Dataset extract:

=== Begin Enclosure ===

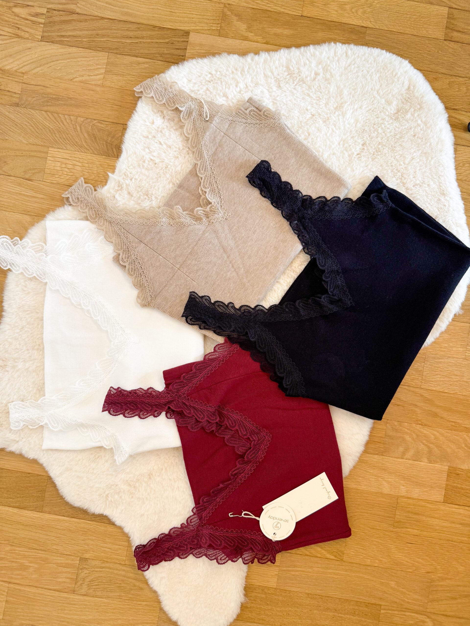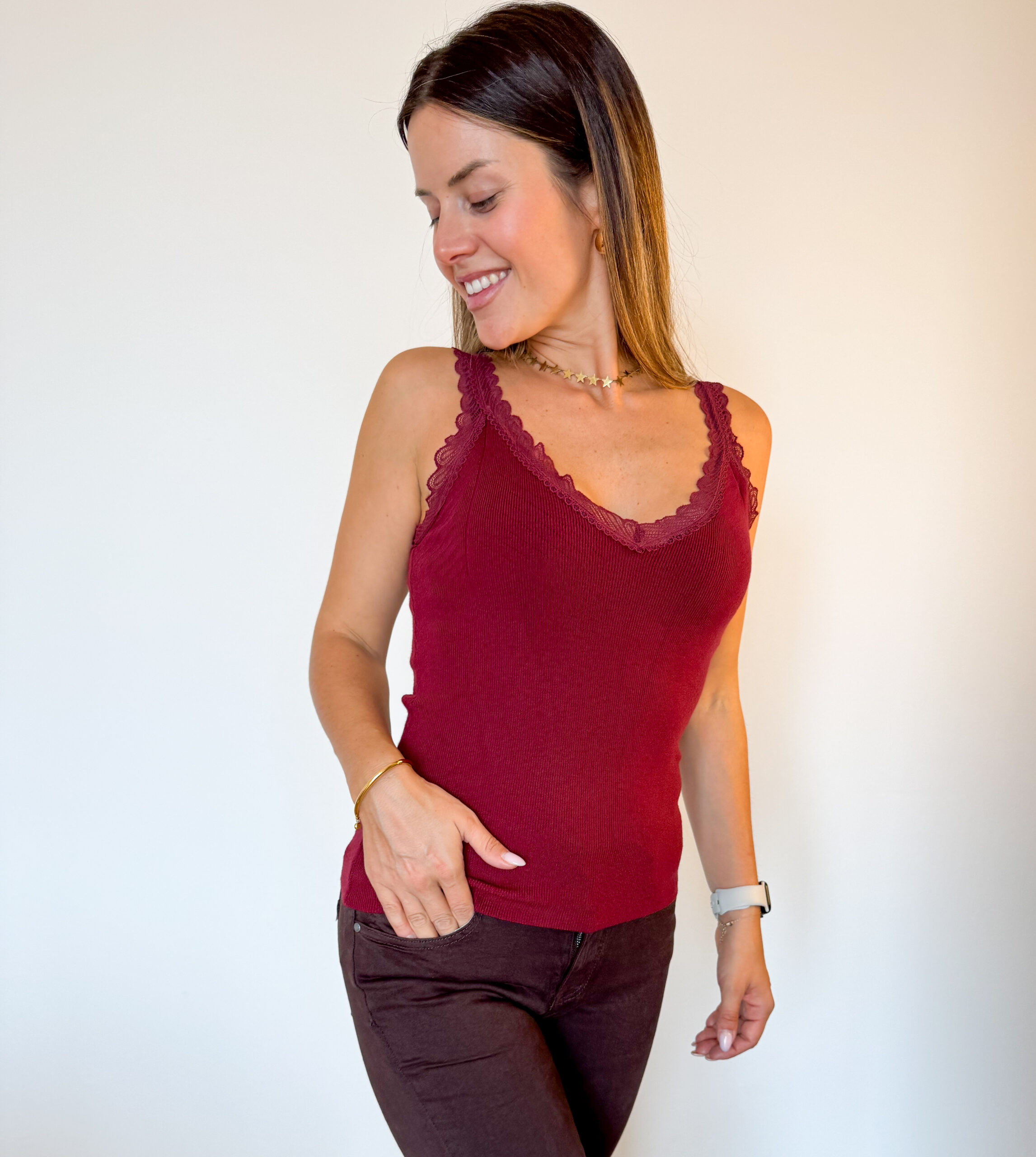 Canotta in Viscosa scollata a V davanti e dietro con pizzo sugli orli. Maglia a costine.
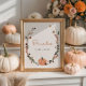 Celebrar a chegada da sua abóbora com este símbolo de chás de fraldas com tema de outono fofo com um charmoso design de flor silvestre com uma pequena abóbora fofa, pequenas flores silvestres, galhos e folhas e um padrão correspondente no lado oposto. Este sinal capta perfeitamente o calor e o conforto da estação do outono. As cores quentes e a fonte divertida irão certamente dar o tom para uma celebração memorável e festiva.
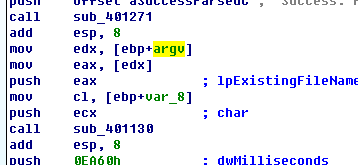 b分支调用了CopyFileA这个函数,这是衣蛾复制文件的函数。它有两个参数,一个是源文件。这里的目标位置是“C:\Temp\cc.exe”,而源文件就是当前的程序。这个分支的目的就是将Lab06-03.exe复制到C:\Temp\cc.exe:

=== End Enclosure ===

Retype the data in full. Images do not go in the copy.

 Canotta in Viscosa scollata a V davanti e dietro con pizzo sugli orli. Maglia a costine.
 Celebrar a chegada da sua abóbora com este símbolo de chás de fraldas com tema de outono fofo com um charmoso design de flor silvestre com uma pequena abóbora fofa, pequenas flores silvestres, galhos e folhas e um padrão correspondente no lado oposto. Este sinal capta perfeitamente o calor e o conforto da estação do outono. As cores quentes e a fonte divertida irão certamente dar o tom para uma celebração memorável e festiva.
 b分支调用了CopyFileA这个函数,这是衣蛾复制文件的函数。它有两个参数,一个是源文件。这里的目标位置是“C:\Temp\cc.exe”,而源文件就是当前的程序。这个分支的目的就是将Lab06-03.exe复制到C:\Temp\cc.exe:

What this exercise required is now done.